2017-04-30 23:21:33

by kys

[permalink] [raw]
Subject: [PATCH 0/6] Drivers: hv: Miscellaneous fixes

From: K. Y. Srinivasan <[email protected]>

Miscellaneous fixes to vmbus and util drivers.

Alex Ng (1):
Tools: hv: vss: Thaw the filesystem and continue if freeze call has
timed out

K. Y. Srinivasan (3):
Drivers: hv: vmbus: Fix error code returned by vmbus_post_msg()
Drivers: hv: util: Make hv_poll_channel() a little more efficient
Drivers: hv: vmbus: Fix rescind handling

Long Li (1):
HV: properly delay KVP packets when negotiation is in progress

Vitaly Kuznetsov (1):
tools: hv: properly handle long paths

drivers/hv/channel.c | 8 ++++-
drivers/hv/channel_mgmt.c | 69 ++++++++++++++++++++++++++++++++++----------
drivers/hv/connection.c | 9 ++++--
drivers/hv/hv_kvp.c | 14 +++++----
drivers/hv/hyperv_vmbus.h | 11 +++++++
drivers/hv/vmbus_drv.c | 29 ++++++++++++++++++-
tools/hv/hv_kvp_daemon.c | 44 ++++++++++++-----------------
tools/hv/hv_vss_daemon.c | 4 ++-
8 files changed, 133 insertions(+), 55 deletions(-)


2017-04-30 23:22:30

by kys

[permalink] [raw]
Subject: [PATCH 1/6] Tools: hv: vss: Thaw the filesystem and continue if freeze call has timed out

From: Alex Ng <[email protected]>

If a FREEZE operation takes too long, the driver may time out and move on
to another operation. The daemon is unaware of this and attempts to
notify the driver that the FREEZE succeeded. This results in an error from
the driver and the daemon leaves the filesystem in frozen state.

Fix this by thawing the filesystem and continuing.

Signed-off-by: Michael Gissing <[email protected]>
Signed-off-by: Alex Ng <[email protected]>
Signed-off-by: K. Y. Srinivasan <[email protected]>
---
tools/hv/hv_vss_daemon.c | 4 +++-
1 files changed, 3 insertions(+), 1 deletions(-)

diff --git a/tools/hv/hv_vss_daemon.c b/tools/hv/hv_vss_daemon.c
index e082980..7ba5419 100644
--- a/tools/hv/hv_vss_daemon.c
+++ b/tools/hv/hv_vss_daemon.c
@@ -261,7 +261,9 @@ int main(int argc, char *argv[])
if (len != sizeof(struct hv_vss_msg)) {
syslog(LOG_ERR, "write failed; error: %d %s", errno,
strerror(errno));
- exit(EXIT_FAILURE);
+
+ if (op == VSS_OP_FREEZE)
+ vss_operate(VSS_OP_THAW);
}
}

--
1.7.1

2017-04-30 23:22:47

by kys

[permalink] [raw]
Subject: [PATCH 6/6] HV: properly delay KVP packets when negotiation is in progress

From: Long Li <[email protected]>

The host may send multiple negotiation packets
(due to timeout) before the KVP user-mode daemon
is connected.

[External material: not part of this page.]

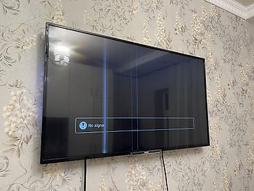 - Ekran ölçüsü: təqribən 40–43 düym (divar asılqanında quraşdırılıb)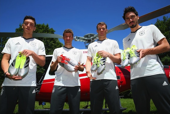 По време на Европейското първенство във Франция Томас Мюлер ще бъде обут с X16+ PURECHAOS. Бастиан Швайнщайгер с X16, плеймейкърът Месут Йозил ще контролира играта с ACE 16+ PURECONTROL, докато Матс Хумелс и Мануел Нойер ще се появят с ACE 16.

KVP user-mode daemon is connected.
We need to defer processing those packets
until the daemon is negotiated and connected.
It's okay for guest to respond
to all negotiation packets.

In addition, the host may send multiple staged
KVP requests as soon as negotiation is done.
We need to properly process those packets using one
tasklet for exclusive access to ring buffer.

This patch is based on the work of
Nick Meier <[email protected]>.

Signed-off-by: Long Li <[email protected]>
Signed-off-by: K. Y. Srinivasan <[email protected]>
---
drivers/hv/hv_kvp.c | 14 ++++++++------
1 files changed, 8 insertions(+), 6 deletions(-)

diff --git a/drivers/hv/hv_kvp.c b/drivers/hv/hv_kvp.c
index e99ff2d..9a90b91 100644
--- a/drivers/hv/hv_kvp.c
+++ b/drivers/hv/hv_kvp.c
@@ -112,7 +112,7 @@ static void kvp_poll_wrapper(void *channel)
{
/* Transaction is finished, reset the state here to avoid races. */
kvp_transaction.state = HVUTIL_READY;
- hv_kvp_onchannelcallback(channel);
+ tasklet_schedule(&((struct vmbus_channel *)channel)->callback_event);
}

static void kvp_register_done(void)
@@ -159,7 +159,7 @@ static void kvp_timeout_func(struct work_struct *dummy)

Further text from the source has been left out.